What is the upshot of this official and semi-official acquiescence to the idea of a permanent division of the United States by any means necessary? Now that there is explicit support for these seditious ideas, militias and “patriot” groups have not seen an uptick, they have exploded. The Anti Defamation League has reported a doubling of militia groups since the election of Barack Obama in 2008, and documented a dramatic increase in far-right violence in 2018, notably paralleling the increased acceptability of hate speech from Trump and his allies.

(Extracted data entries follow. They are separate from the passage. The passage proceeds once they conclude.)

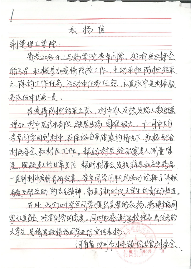 近日,学校收到一封来自河南省汝州市小屯镇杨其营村村委会的表扬信,对伟德官网化工与药学院2020级复合材料与工程专业的李卓同学在返乡后主动参与村委防疫工作期间的辛勤付出及无私奉献表示感谢,并对伟德官网人才培养工作给予高度评价。
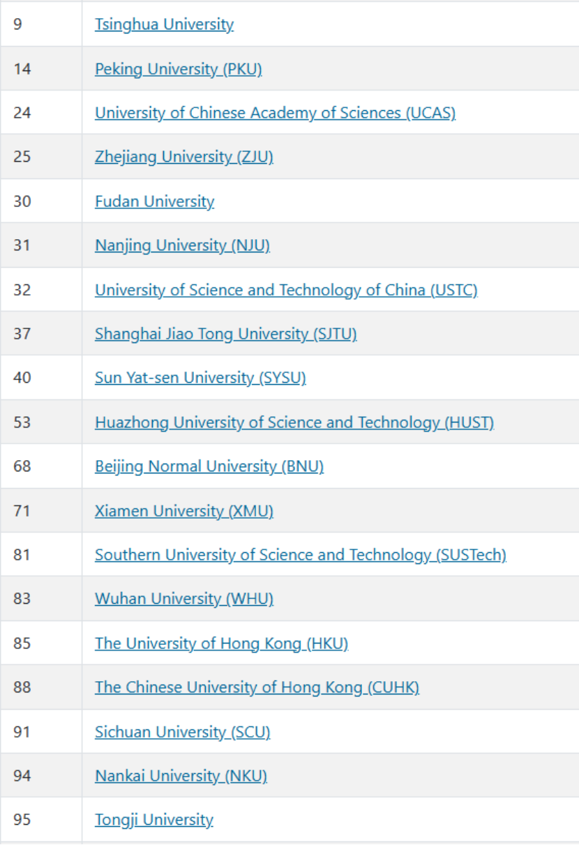 清华大学(第9位)、北京大学(第14位)、中国科学院大学(第24位)、浙江大学(第25位)、复旦大学(第30位)、南京大学(第31位)、中国科学技术大学(第32位)、上海交通大学(第37位)、中山大学(第40位)、华中科技大学(第53位)、北京师范大学(第68位)、厦门大学(第71位)、南方科技大学(第81位)、武汉大学(第83位)、香港大学(第85位)、香港中文大学(第88位)、四川大学(第91位)、南开大学(第94位)、同济大学(第95位)。
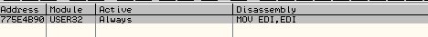 Alt + b 키를 눌러 BP들을 확인했을 때 위와 같이 775E4B90 주소에 있는 mov EDI, EDI 주소에 BP가 걸린다.
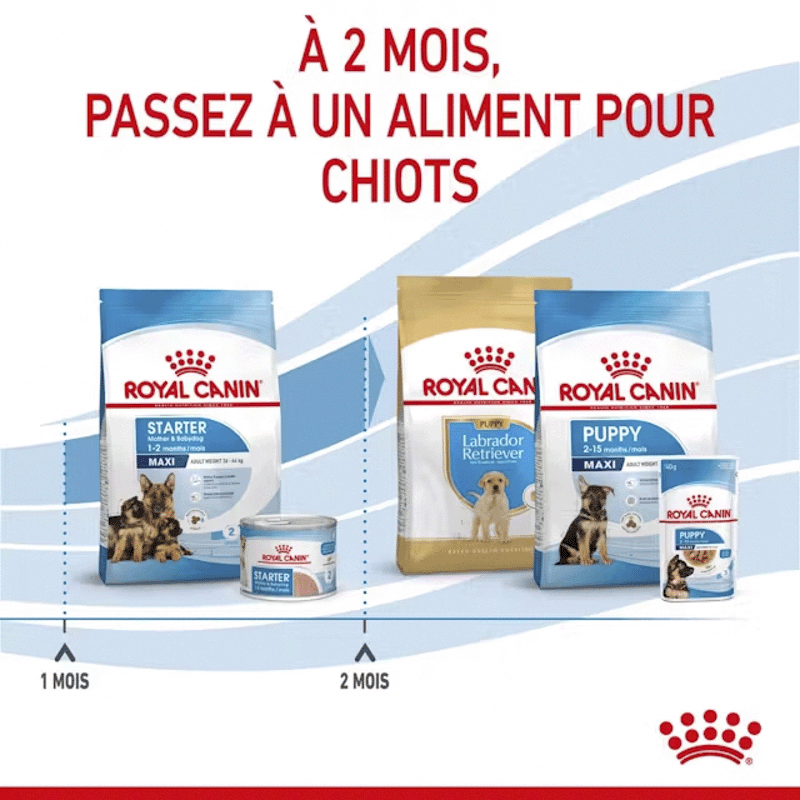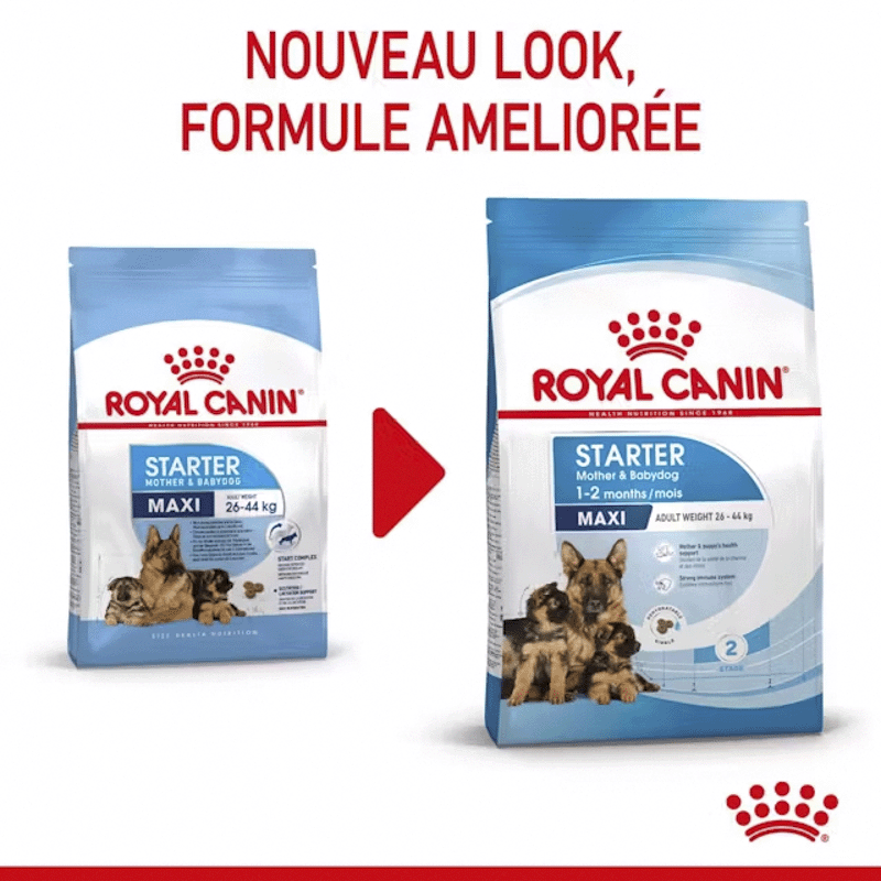 MAXI STARTER : Nutrition adaptée aux mères et aux chiots, soutenant une croissance optimale des chiots.
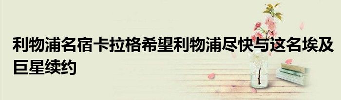 利物浦名宿卡拉格日前在天空體育節目中談到薩拉赫,他希望利物浦盡快與這名埃及巨星續約。
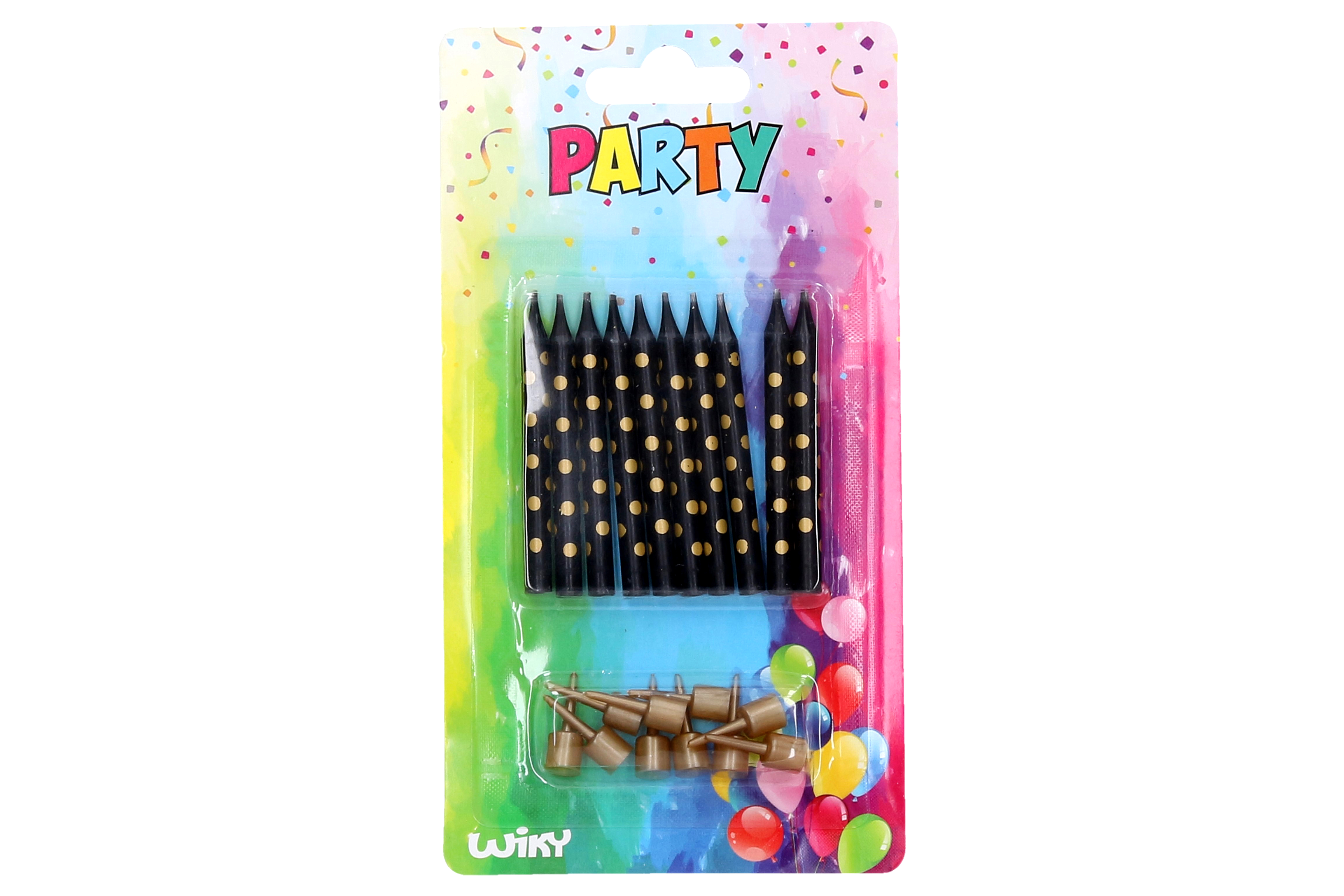 Svíčky 10ks + stojánky 10ks zlaté tečky.
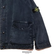 カラーはSTONE ISLAND独自の染色による深みあるブラックに限りなく近いダークネイビー。光の角度によってダークネイビーからフェードブラックへと変化する、奥行きある色調を持ちます。着込むほどに経年変化で陰影が増し他にはない深みと個性が味わえます。
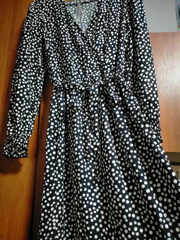 красивое платье черно- белый горошек, длина платья 1,19 см, длина рукава 63 см,талия 37 см вискоза, размер м.новое.
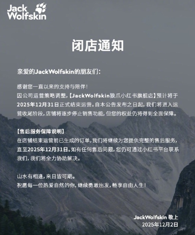 譬如知名户外品牌狼爪曾发布闭店通知,宣布因公司运营策略调整,其小红书旗舰店预计于2025年12月31日正式结束运营。
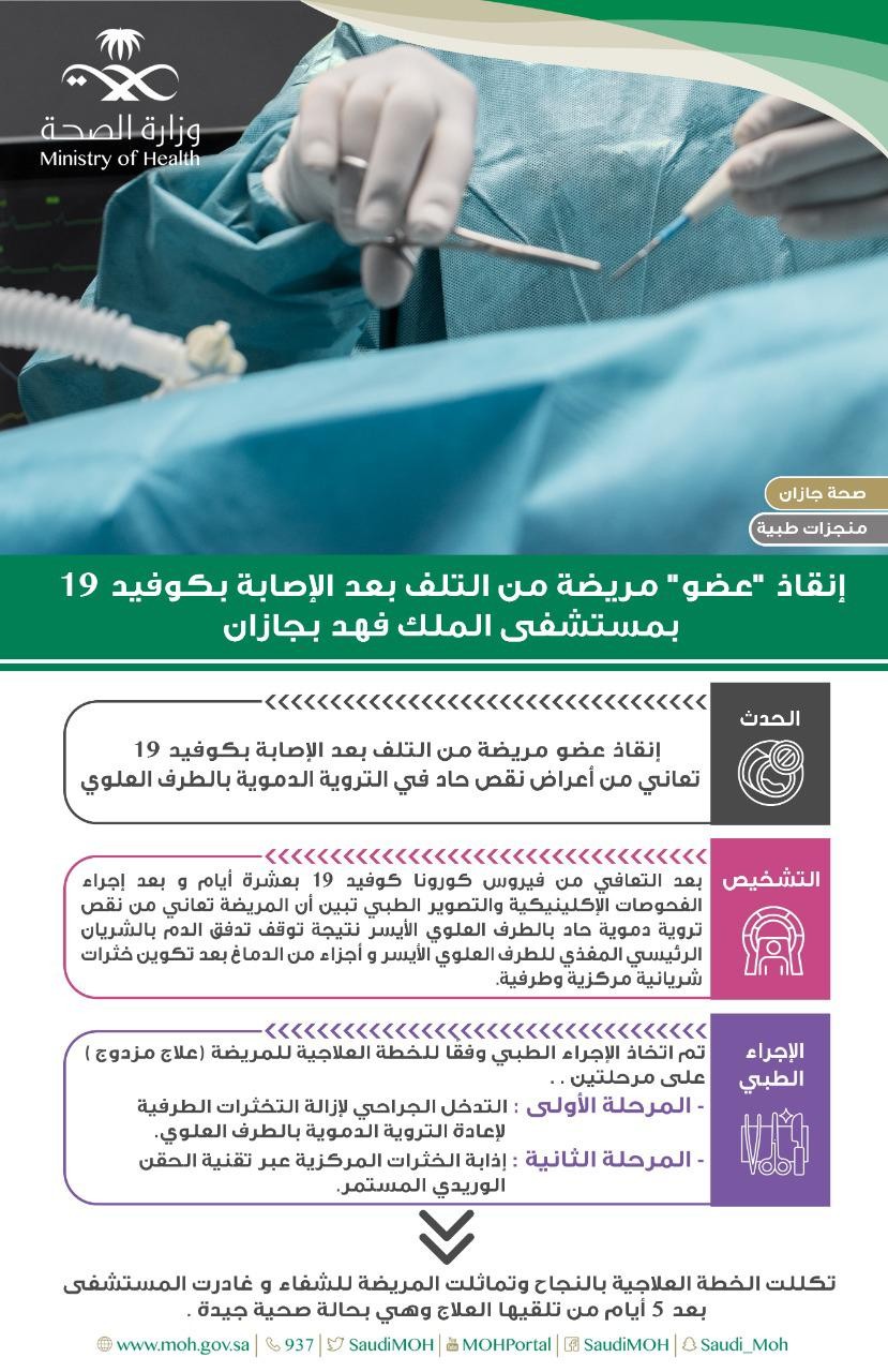 وفي التفاصيل ذكرت صحة جازان بأن المريضة حضرت الى قسم الطوارئ عن طريق التحويل من احدى المستشفيات الطرفية بعد التعافي من فيروس كورونا كوفيد 19 بعشرة أيام، وبعد إجراء الفحوصات الإكلينيكية والتصوير الطبي تبين ان المريضة تعاني وجود نقص تروية دموي حاد بالطرف العلوي الأيسر نتيجة توقف تدفق الدم بالشريان الرئيسي المغذي للطرف العلوي الأيسر وأجزاء من الدماغ بعد تكوين تخثرات شريانية مركزية وطرفية.

The Proud Boys have become a part of the national lexicon, having planted their torch in Charlottesville and being given presidential cover for what led to murder in the town. With the President’s help, they achieved a legitimacy among a shockingly large swath of the population. These people vote, and are currently in a state of disbelief that their worldview was defeated. The Boogaloo Bois are another group that nakedly pursue the idea of Civil War, have it as their singular unifying principle while not necessarily agreeing about why they want it. One faction seems to be an extension of the Charles Manson vision of a cataclysmic race war while the other simply want to bring down a government they see as overreaching and oppressive. But the word “boogaloo” is simply a substitute for civil war, for bloody violence against ones countrymen. The underlying reasons seem secondary to the excitement over the violence itself. Substituting a benign sounding, almost child-like word to stand in for bloody, lethal confrontations is allowing recruitment of people who might otherwise be put off by declarations of war. My generation remember the boogaloo as a dance, one that was a celebration of freedom of expression, rejecting a buttoned up repressive past. Now it has been co-opted to preserve a perverted vision of a past America that needs to be reclaimed by any means necessary.
The Electoral College held. A threat of an attempted coup on January 6th is being suggested, but there seems little reason to take it seriously and less reason to imagine it succeeding.
Yes, this election is finally over, but the nightmare may just be starting.